Parquet has a footer that is scanned once when the stream is opened, making the schema immediately available via ExArrow.Stream.schema/1. Row groups are then decoded on demand: each call to ExArrow.Stream.next/1 reads and decodes the next row group without touching the rest of the file.

This means:

  • Peak memory scales with the largest single row group, not the full file.
  • You can stop consuming after N batches and the remaining row groups are never decoded.
  • For file-backed streams (from_file/1) the underlying file handle stays open until the stream resource is garbage-collected.
  • For binary-backed streams (from_binary/1) the bytes are held in native memory and released when the resource is collected.

Examples

# Consume lazily — only the requested row groups are decoded
{:ok, stream}  = ExArrow.Parquet.Reader.from_file("/data/events.parquet")
{:ok, schema}  = ExArrow.Stream.schema(stream)
IO.inspect ExArrow.Schema.field_names(schema)
first_batch = ExArrow.Stream.next(stream)   # decodes row-group 0
next_batch  = ExArrow.Stream.next(stream)   # decodes row-group 1
nil         = ExArrow.Stream.next(stream)   # nil when exhausted

# Collect all row groups at once
{:ok, stream} = ExArrow.Parquet.Reader.from_file("/data/events.parquet")
batches = ExArrow.Stream.to_list(stream)

# Read from an in-memory binary (e.g. fetched from object storage)
parquet_bytes = File.read!("/data/events.parquet")
{:ok, stream} = ExArrow.Parquet.Reader.from_binary(parquet_bytes)
batch = ExArrow.Stream.next(stream)

# Pipe into Explorer
{:ok, stream} = ExArrow.Parquet.Reader.from_file("/data/report.parquet")
{:ok, df}     = ExArrow.Explorer.from_stream(stream)

Summary

Functions

Open a Parquet file from an in-memory binary.
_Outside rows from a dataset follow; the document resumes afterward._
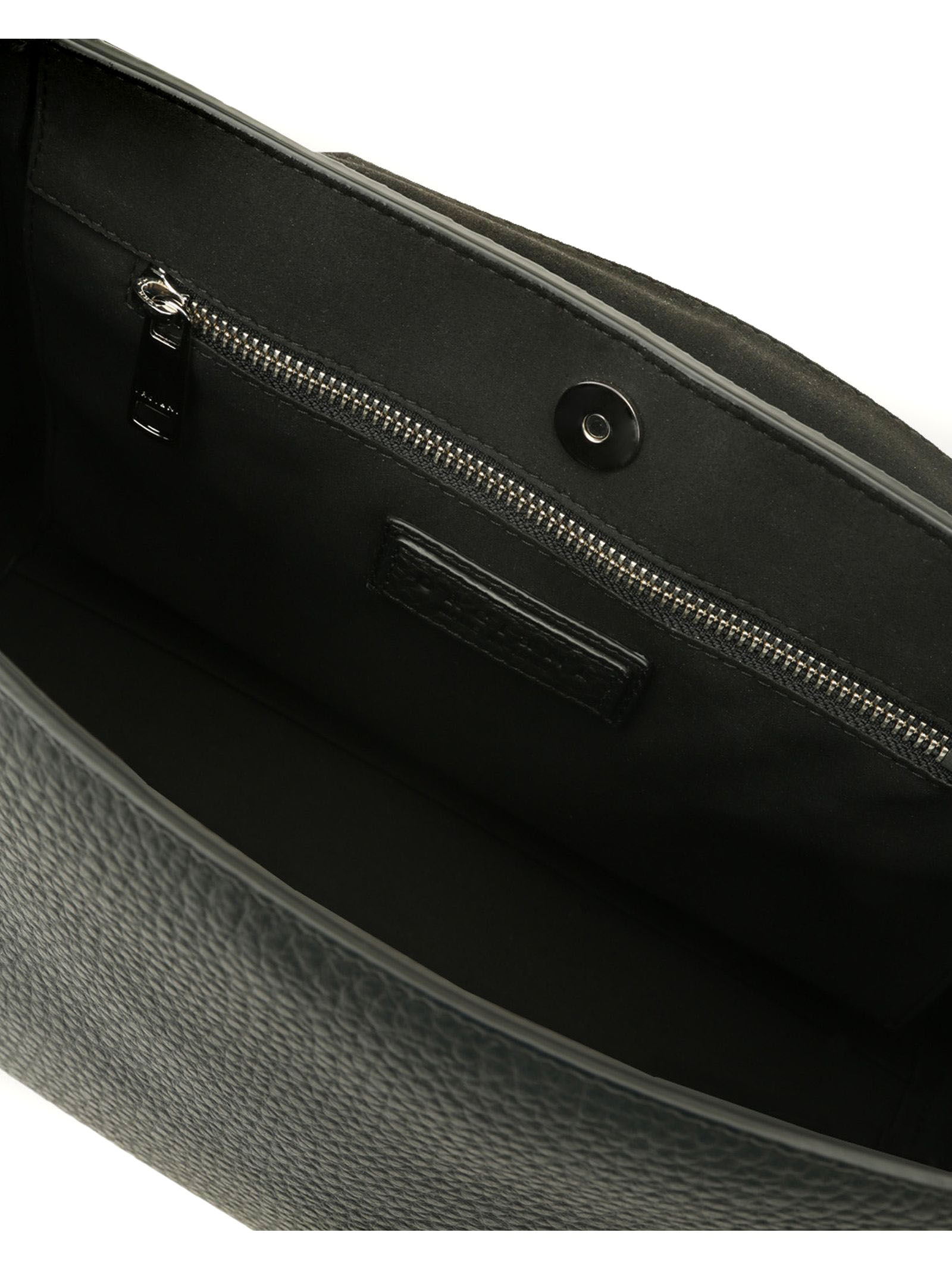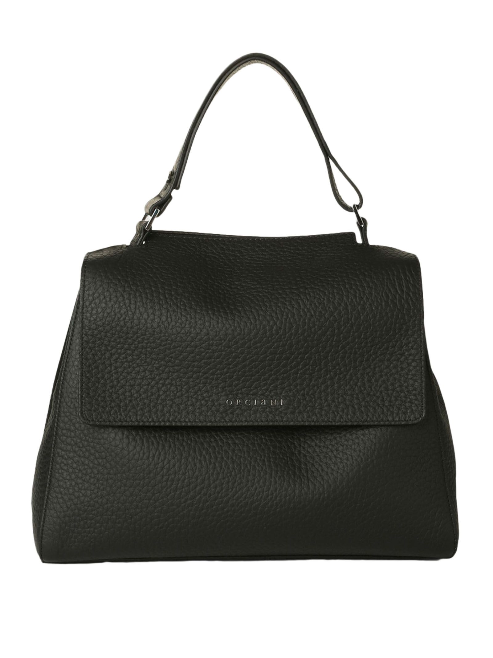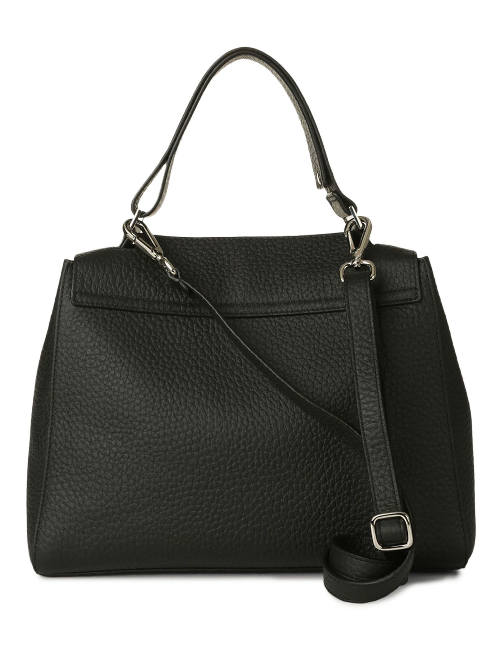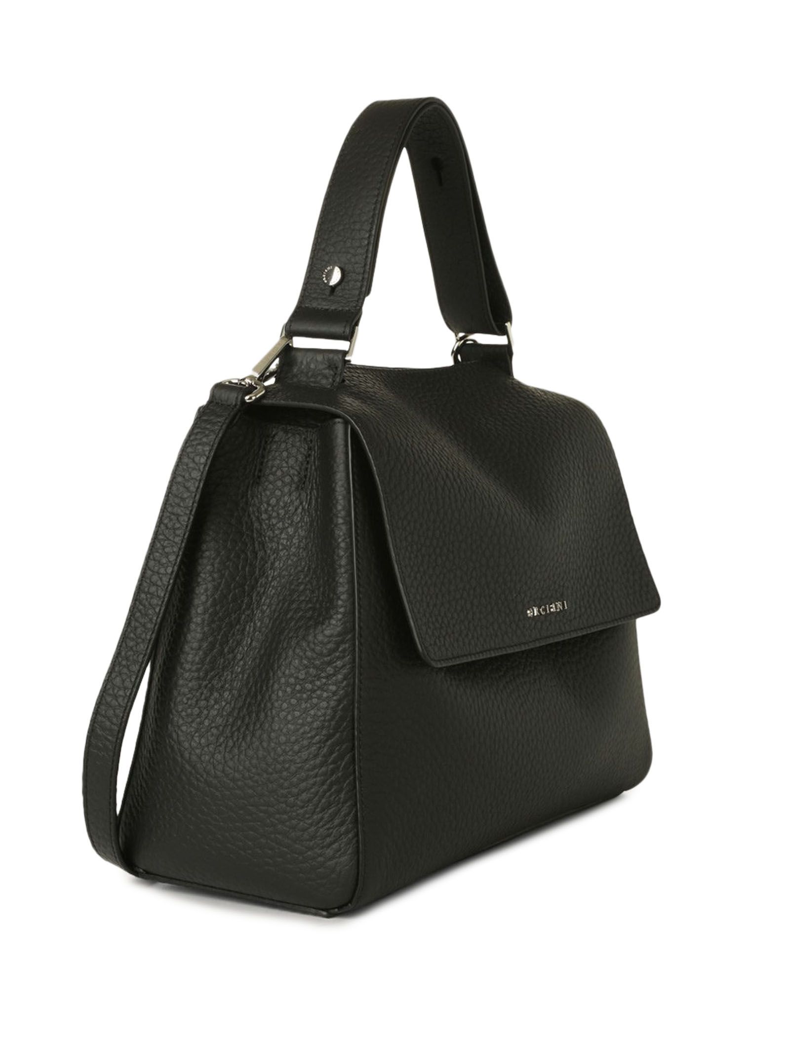 Sveva Soft Medium black leather shoulder bag, 3 interior pockets, one of which is zippered, closure flap with magnetic button, extendable handle and removable shoulder strap, palladium finish, width: 32 cm, height: 24 cm, depth: 15 cm
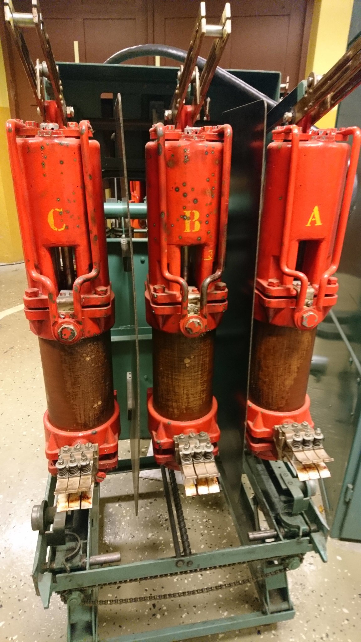I facket på de här gamla ställverken är högspännings kontakterna helt öppna och oisolerade när brytaren är utdragen.
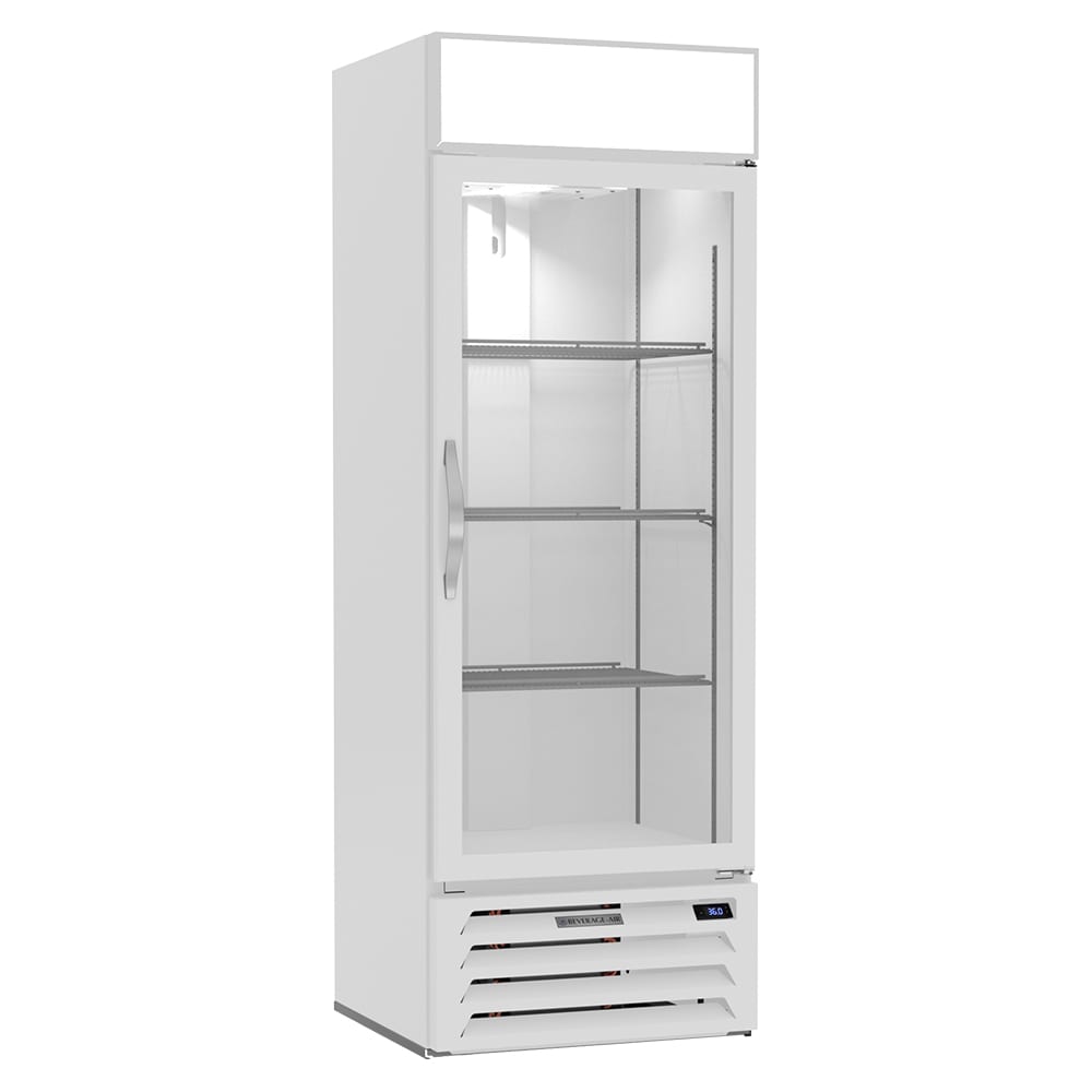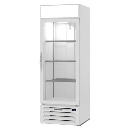 MarketMax Refrigerated Merchandiser, reach-in, one-section, 27-1/4″W, 78-1/8″H, (1) double pane hinged glass door, 17.87 cu. ft. capacity, electronic control, digital display, (3) epoxy coated steel shelves, LED interior lighting, self closing door with automatic hold-open feature, bottom-mounted refrigeration, white interior & exterior, R290 Hydrocarbon refrigerant, 1/4 HP, cULus, UL EPH Classified, UL-Sanitation, Made in USA
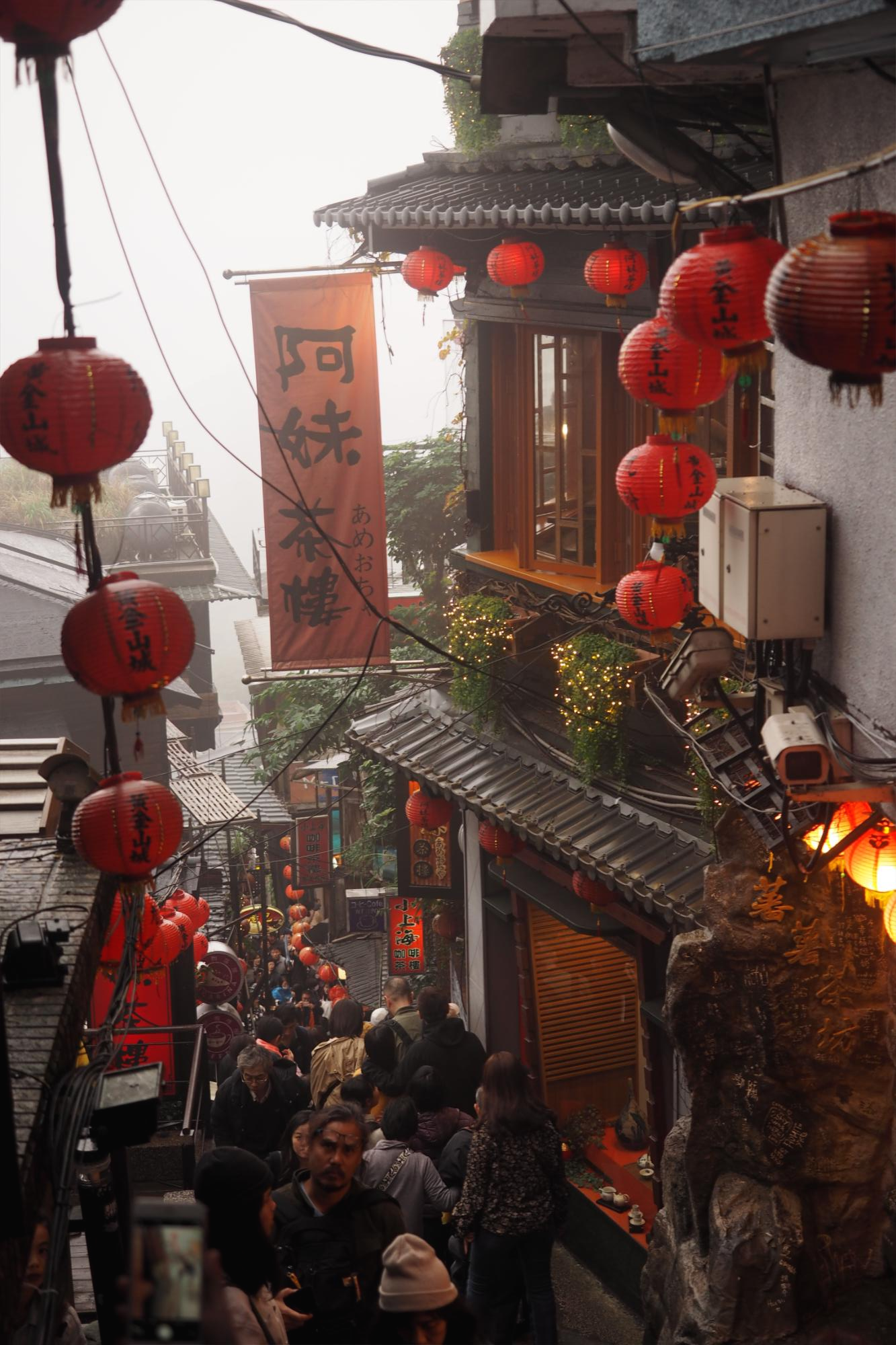 지우펀은 애초에 산윗자락에 있는 동네라 안개에 휩싸이기 일수다. 비도 많이온다.
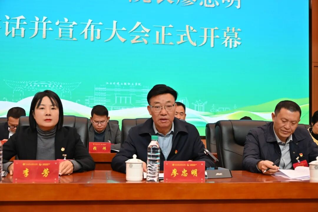 江西环境工程职业学院党委副书记、院长廖忠明讲话并宣布大会正式开幕
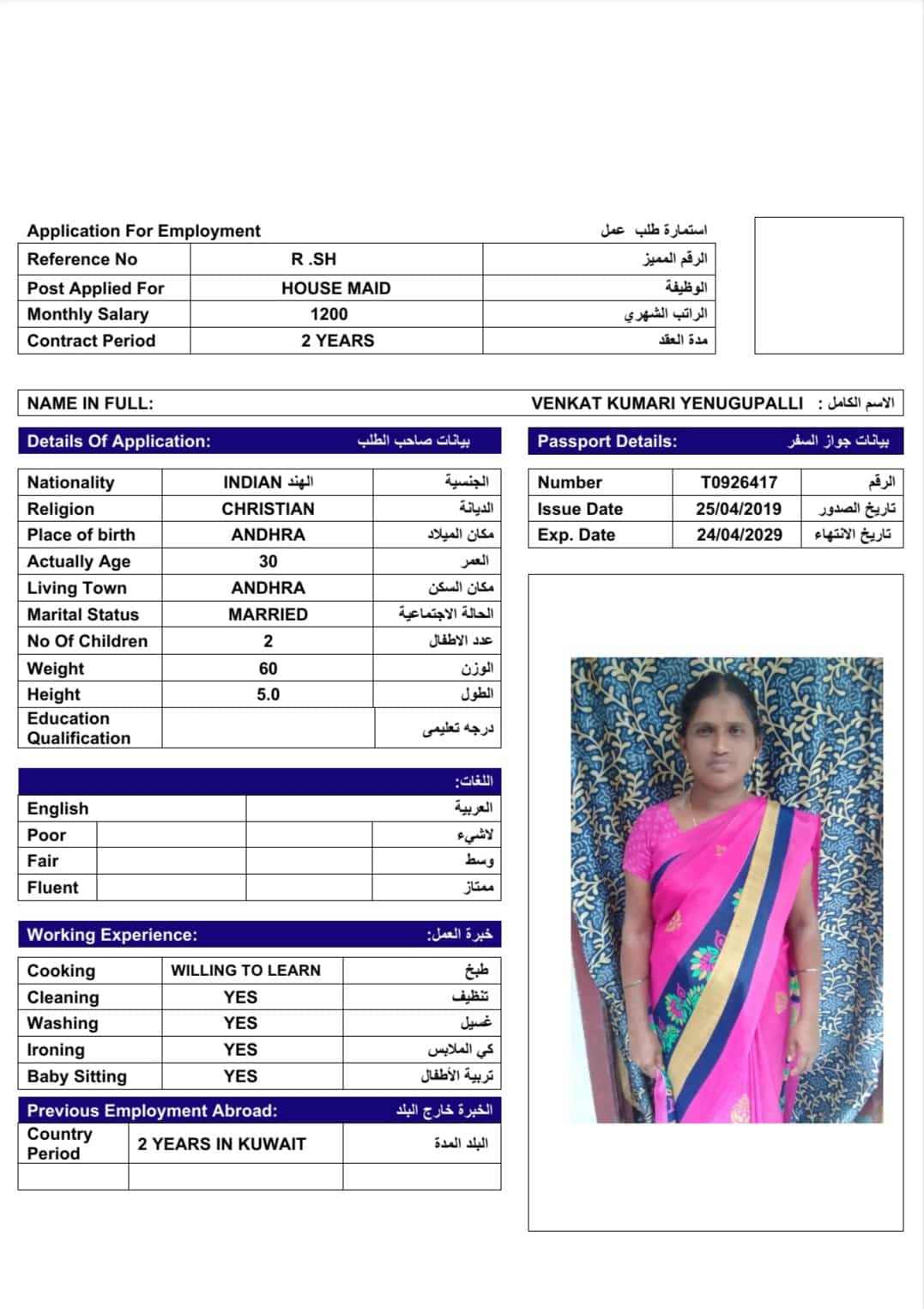الاسم - عربي VENKAT KUMARI YENUGUPALLI
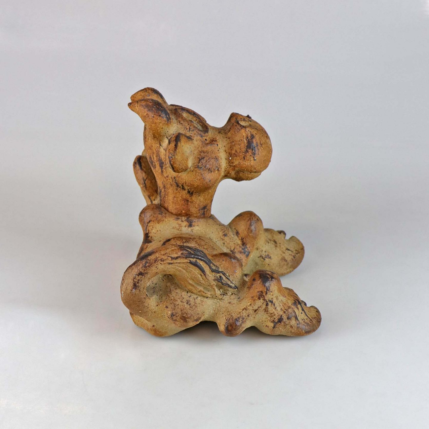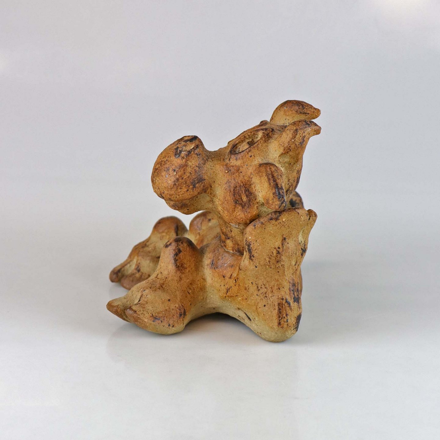 Figur af keramik der forestiller en liggende ko. Hovedet kan tages af

Open a Parquet file at path for lazy row-group streaming.

Functions

from_binary(binary)

@spec from_binary(binary()) :: {:ok, ExArrow.Stream.t()} | {:error, String.t()}

Open a Parquet file from an in-memory binary.

Useful when the Parquet data has already been downloaded (e.g. from S3, an HTTP endpoint, or another process).

Returns {:ok, stream} or {:error, message}.

Example

parquet_bytes = File.read!("/data/events.parquet")
{:ok, stream} = ExArrow.Parquet.Reader.from_binary(parquet_bytes)
{:ok, schema} = ExArrow.Stream.schema(stream)
batch         = ExArrow.Stream.next(stream)
rows          = ExArrow.RecordBatch.num_rows(batch)

from_file(path)

@spec from_file(Path.t()) :: {:ok, ExArrow.Stream.t()} | {:error, String.t()}

Open a Parquet file at path for lazy row-group streaming.

Scans the Parquet footer to make the schema available, then returns a stream whose row groups are decoded on demand by ExArrow.Stream.next/1. The file handle remains open until the stream resource is garbage-collected.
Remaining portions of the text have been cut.